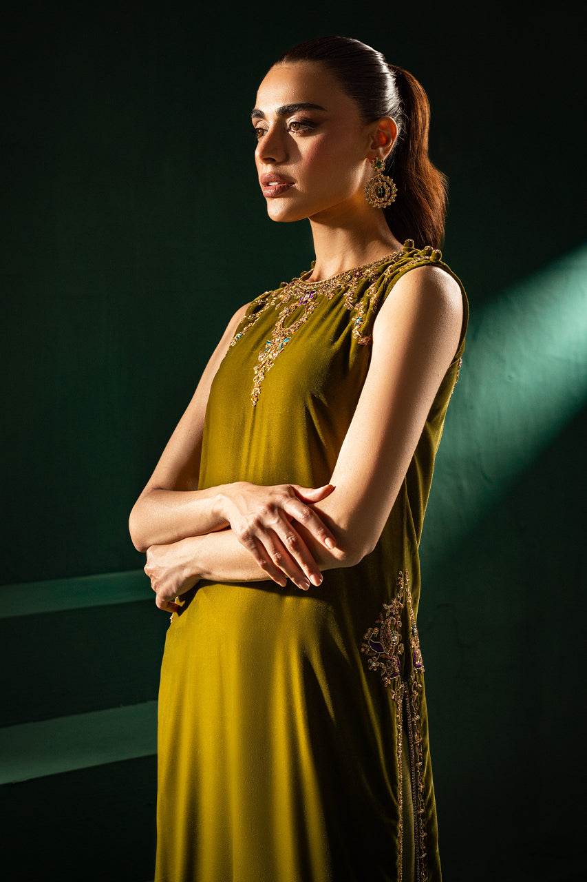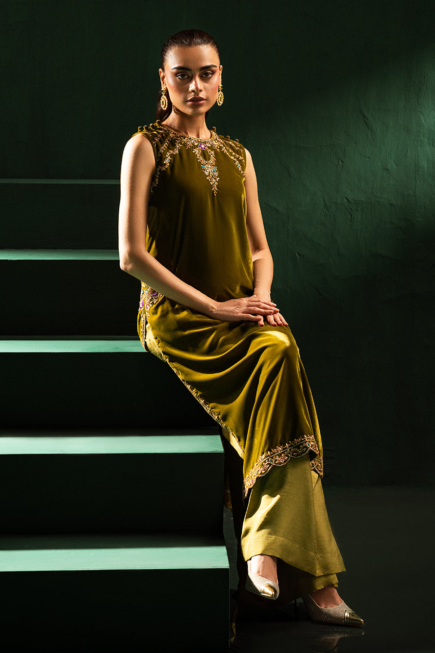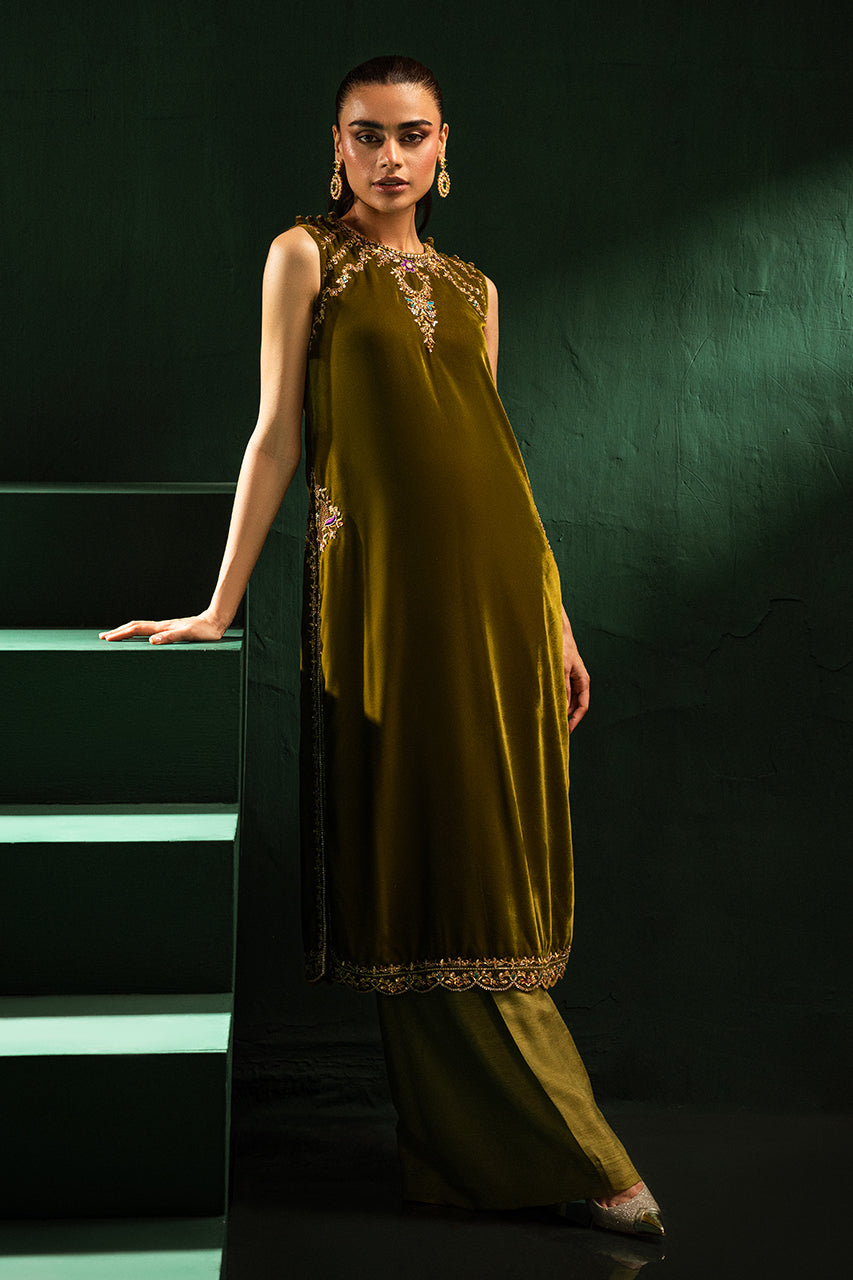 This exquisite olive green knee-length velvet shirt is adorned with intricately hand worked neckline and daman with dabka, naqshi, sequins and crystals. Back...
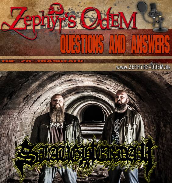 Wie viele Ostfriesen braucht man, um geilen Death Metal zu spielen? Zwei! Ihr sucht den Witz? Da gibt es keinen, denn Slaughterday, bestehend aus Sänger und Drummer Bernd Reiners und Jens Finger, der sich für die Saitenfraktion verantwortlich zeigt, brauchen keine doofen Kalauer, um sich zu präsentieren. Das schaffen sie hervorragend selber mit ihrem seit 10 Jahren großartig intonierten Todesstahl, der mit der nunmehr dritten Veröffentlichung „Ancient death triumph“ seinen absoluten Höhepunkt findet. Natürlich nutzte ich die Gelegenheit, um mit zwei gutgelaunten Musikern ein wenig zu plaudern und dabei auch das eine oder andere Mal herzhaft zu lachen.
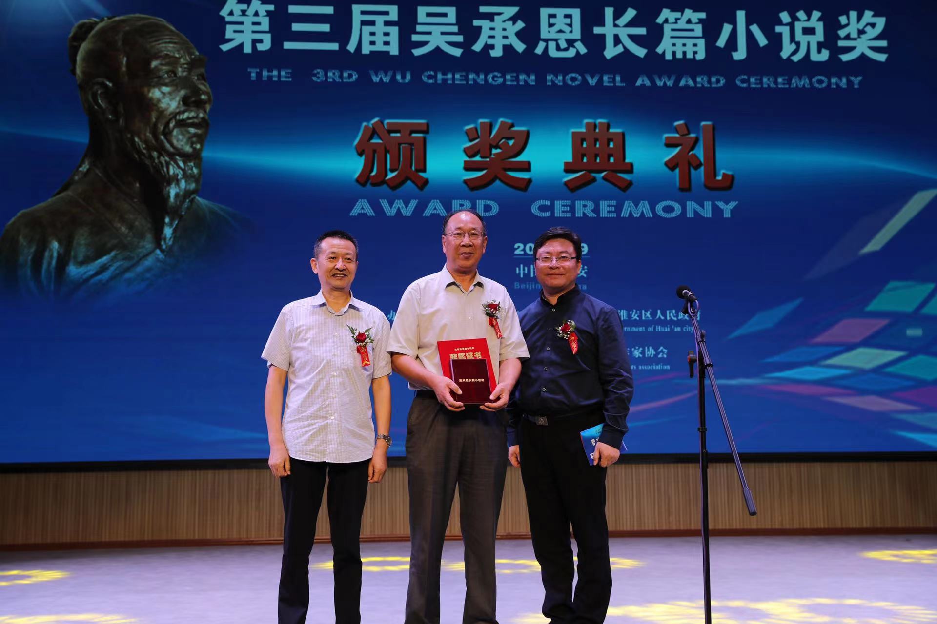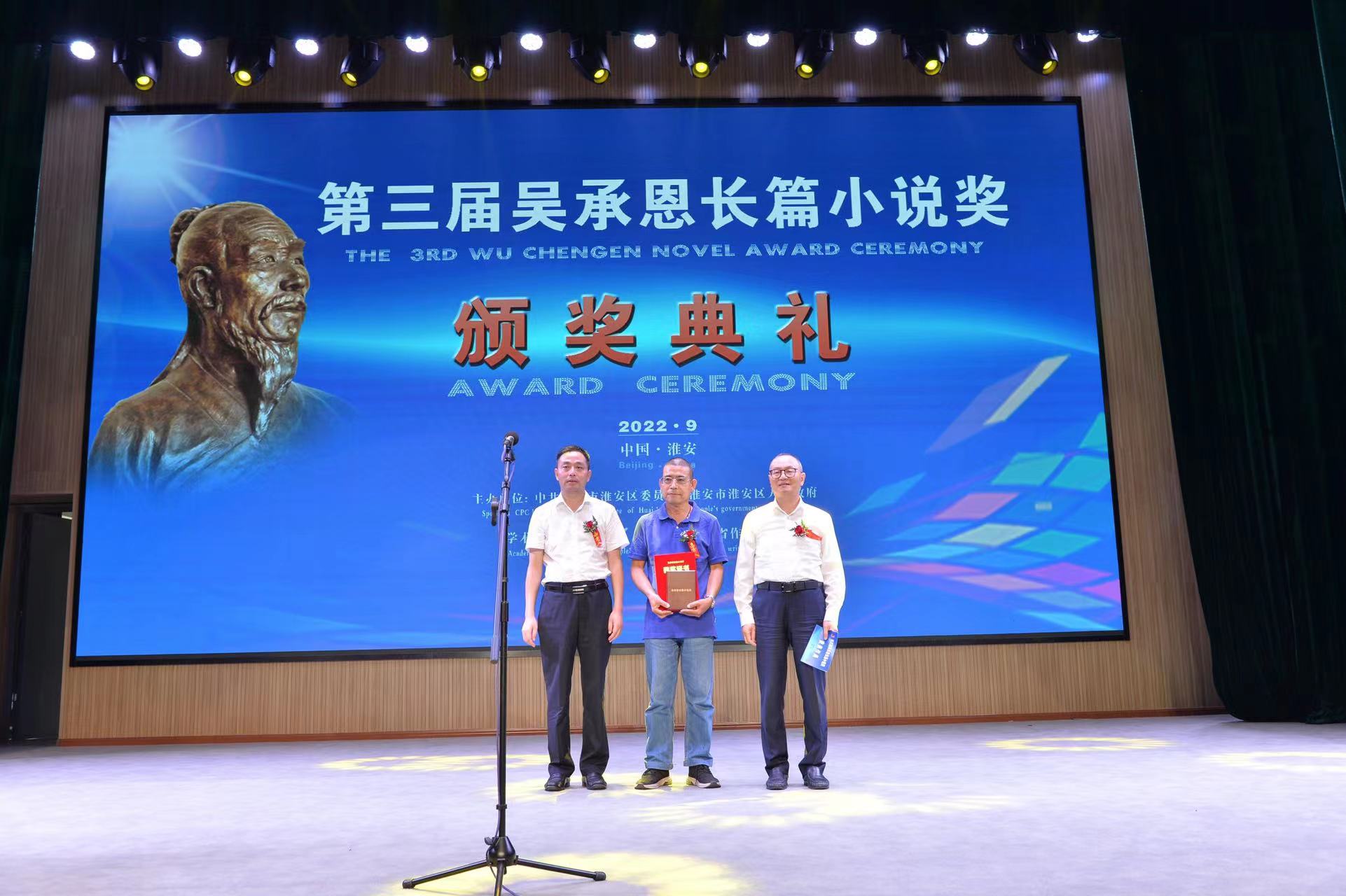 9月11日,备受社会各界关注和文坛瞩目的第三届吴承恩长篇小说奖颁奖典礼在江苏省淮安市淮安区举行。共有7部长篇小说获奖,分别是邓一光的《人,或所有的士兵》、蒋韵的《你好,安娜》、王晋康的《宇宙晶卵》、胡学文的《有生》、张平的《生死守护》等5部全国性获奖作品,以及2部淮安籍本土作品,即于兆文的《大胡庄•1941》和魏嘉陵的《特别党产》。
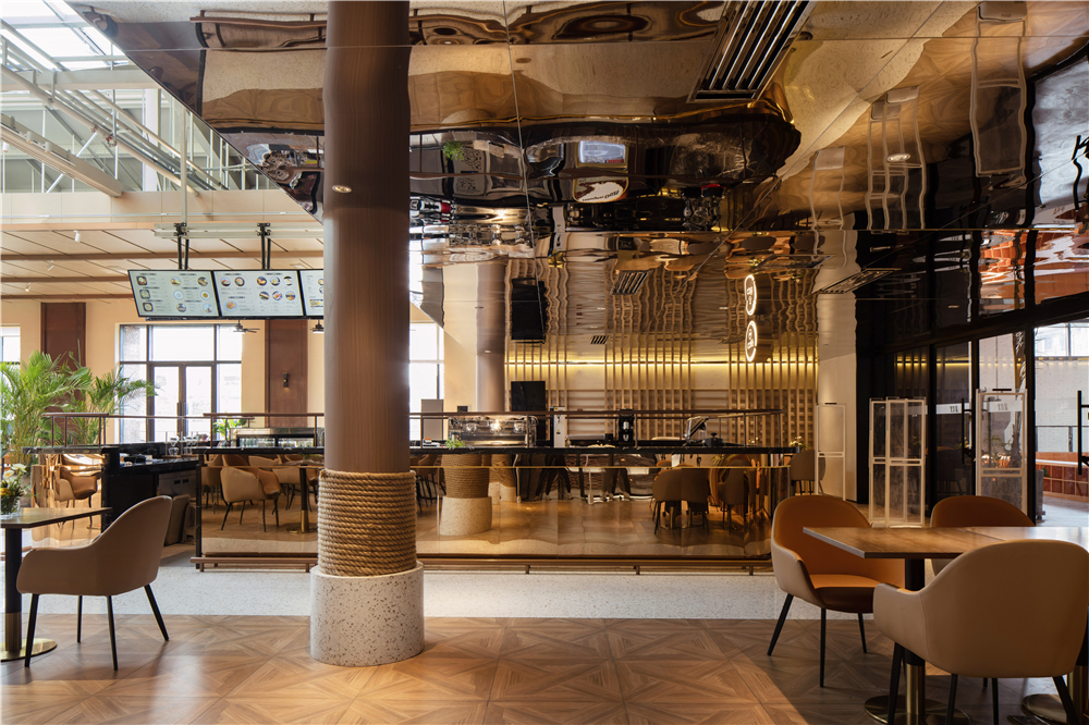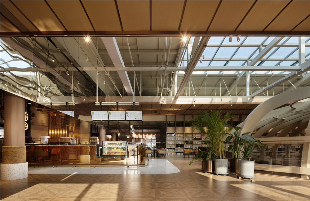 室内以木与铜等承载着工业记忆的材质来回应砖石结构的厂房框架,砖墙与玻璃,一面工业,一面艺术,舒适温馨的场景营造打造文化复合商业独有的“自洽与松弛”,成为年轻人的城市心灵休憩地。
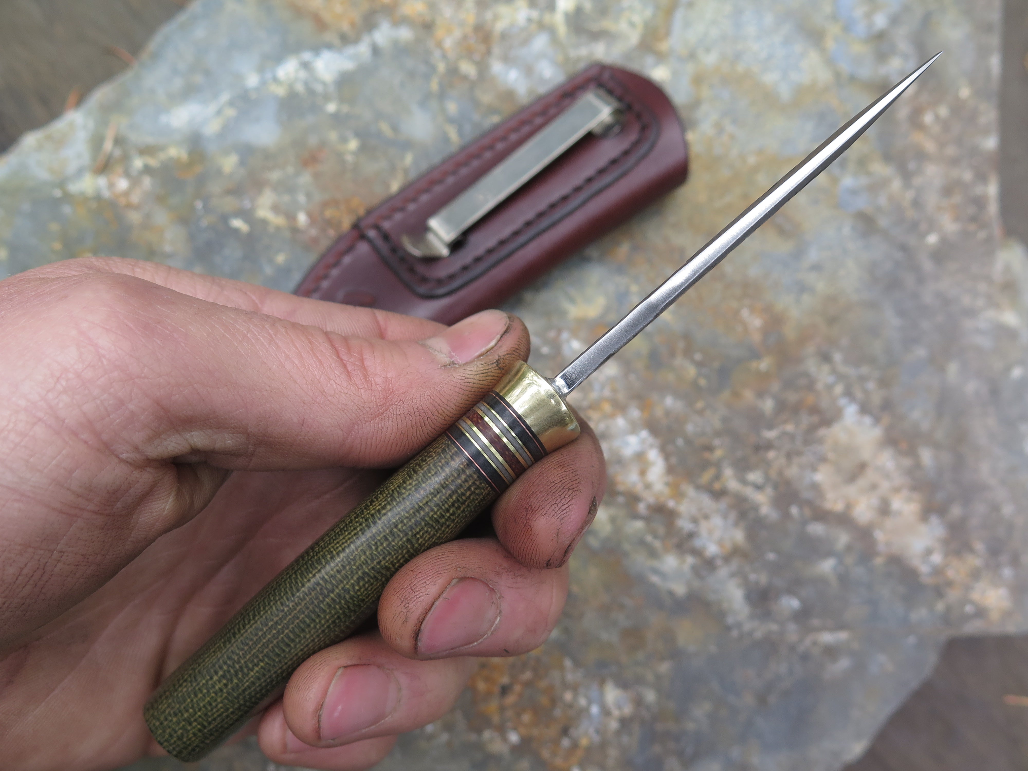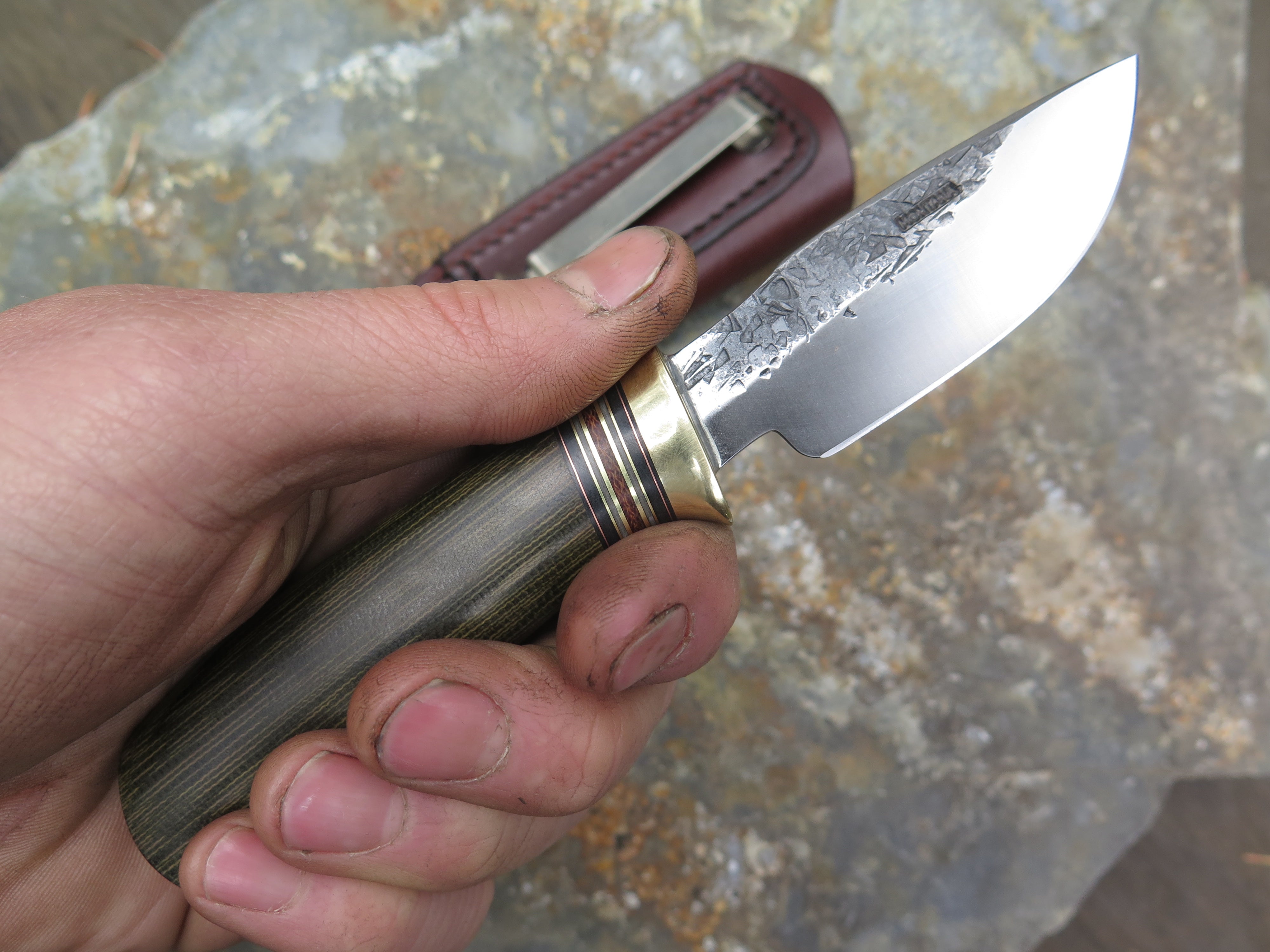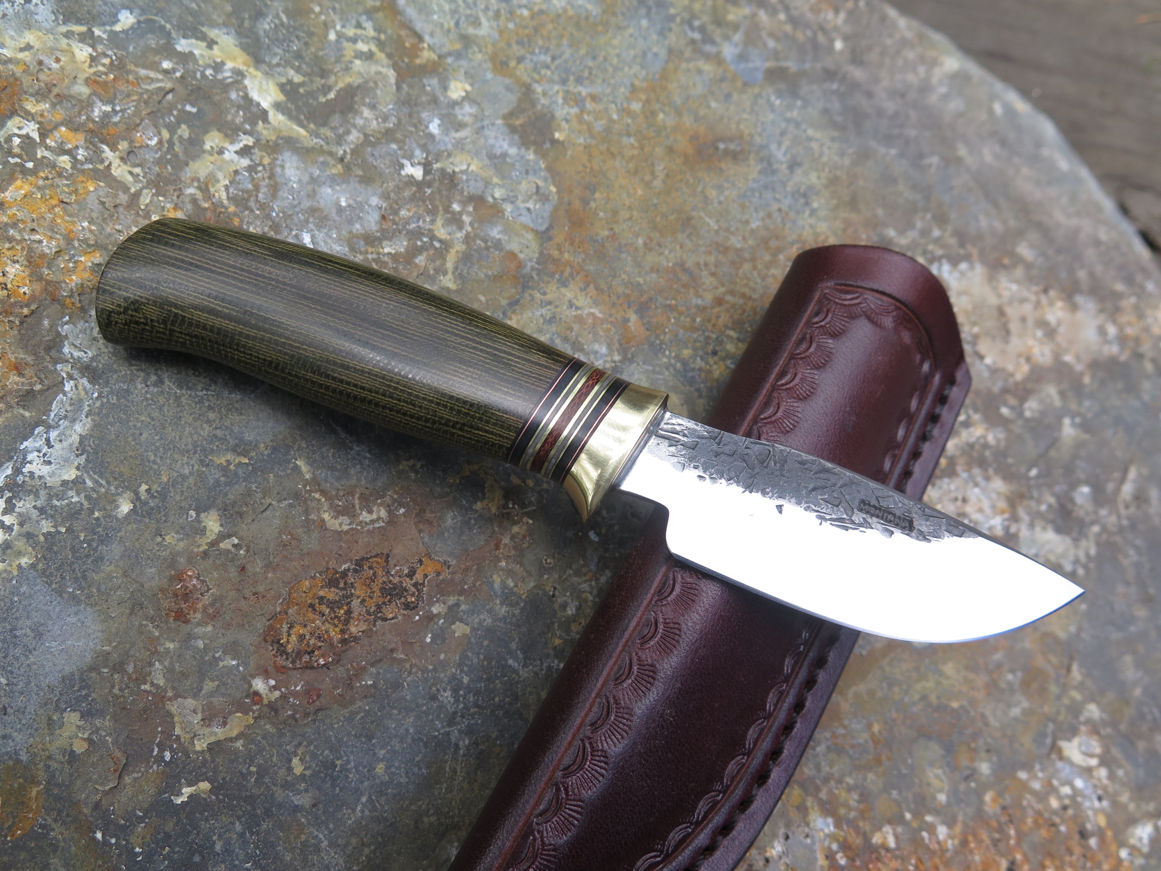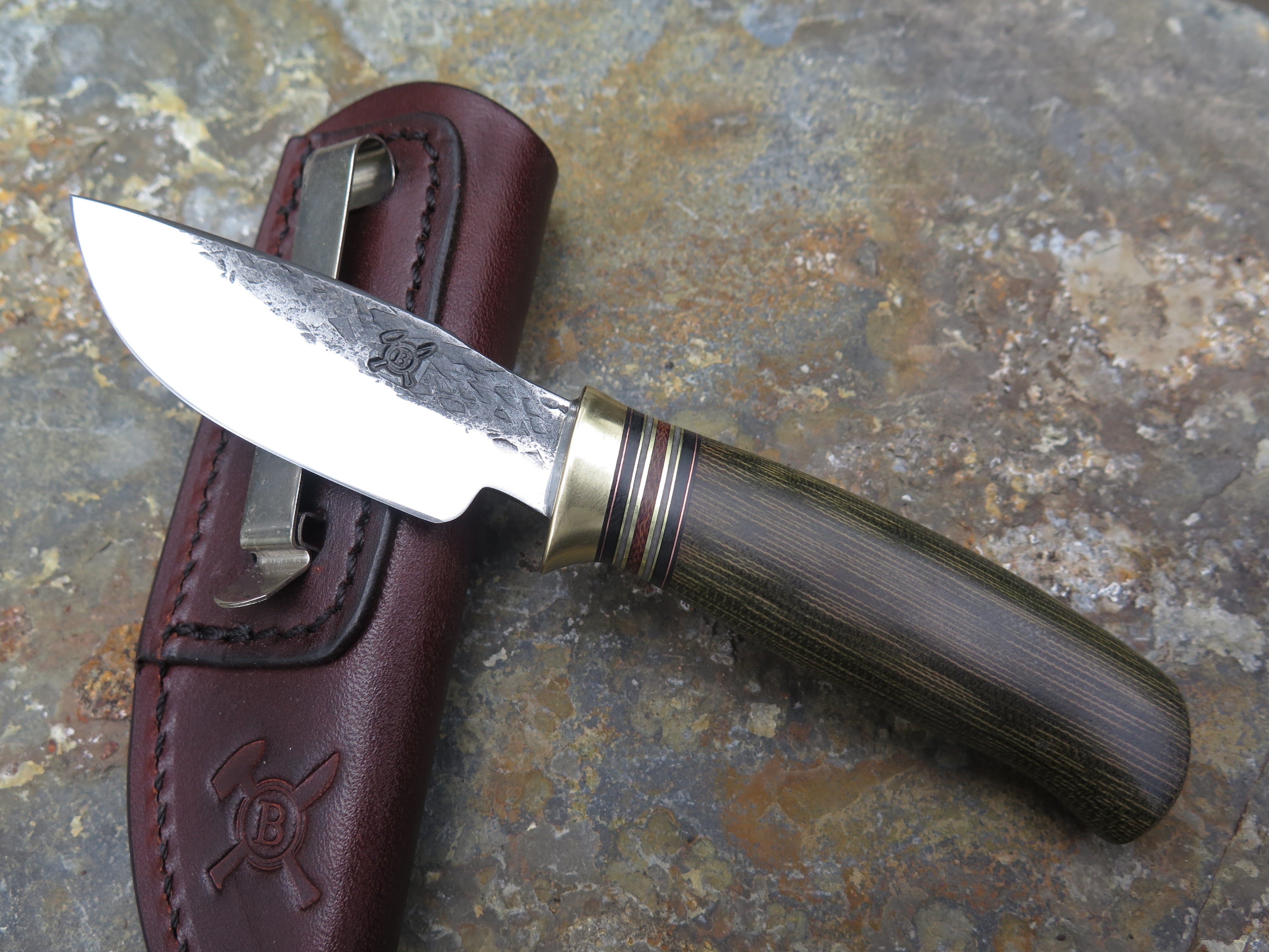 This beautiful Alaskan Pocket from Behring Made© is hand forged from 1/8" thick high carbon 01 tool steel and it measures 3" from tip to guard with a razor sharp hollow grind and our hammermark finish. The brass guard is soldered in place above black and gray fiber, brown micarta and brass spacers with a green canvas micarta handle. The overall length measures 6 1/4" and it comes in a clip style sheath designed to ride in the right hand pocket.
═══
Pictures stay out of the copy; please restate every record above exactly.

 This exquisite olive green knee-length velvet shirt is adorned with intricately hand worked neckline and daman with dabka, naqshi, sequins and crystals. Back...
 Wie viele Ostfriesen braucht man, um geilen Death Metal zu spielen? Zwei! Ihr sucht den Witz? Da gibt es keinen, denn Slaughterday, bestehend aus Sänger und Drummer Bernd Reiners und Jens Finger, der sich für die Saitenfraktion verantwortlich zeigt, brauchen keine doofen Kalauer, um sich zu präsentieren. Das schaffen sie hervorragend selber mit ihrem seit 10 Jahren großartig intonierten Todesstahl, der mit der nunmehr dritten Veröffentlichung „Ancient death triumph“ seinen absoluten Höhepunkt findet. Natürlich nutzte ich die Gelegenheit, um mit zwei gutgelaunten Musikern ein wenig zu plaudern und dabei auch das eine oder andere Mal herzhaft zu lachen.
 9月11日,备受社会各界关注和文坛瞩目的第三届吴承恩长篇小说奖颁奖典礼在江苏省淮安市淮安区举行。共有7部长篇小说获奖,分别是邓一光的《人,或所有的士兵》、蒋韵的《你好,安娜》、王晋康的《宇宙晶卵》、胡学文的《有生》、张平的《生死守护》等5部全国性获奖作品,以及2部淮安籍本土作品,即于兆文的《大胡庄•1941》和魏嘉陵的《特别党产》。
 室内以木与铜等承载着工业记忆的材质来回应砖石结构的厂房框架,砖墙与玻璃,一面工业,一面艺术,舒适温馨的场景营造打造文化复合商业独有的“自洽与松弛”,成为年轻人的城市心灵休憩地。
 This beautiful Alaskan Pocket from Behring Made© is hand forged from 1/8" thick high carbon 01 tool steel and it measures 3" from tip to guard with a razor sharp hollow grind and our hammermark finish. The brass guard is soldered in place above black and gray fiber, brown micarta and brass spacers with a green canvas micarta handle. The overall length measures 6 1/4" and it comes in a clip style sheath designed to ride in the right hand pocket.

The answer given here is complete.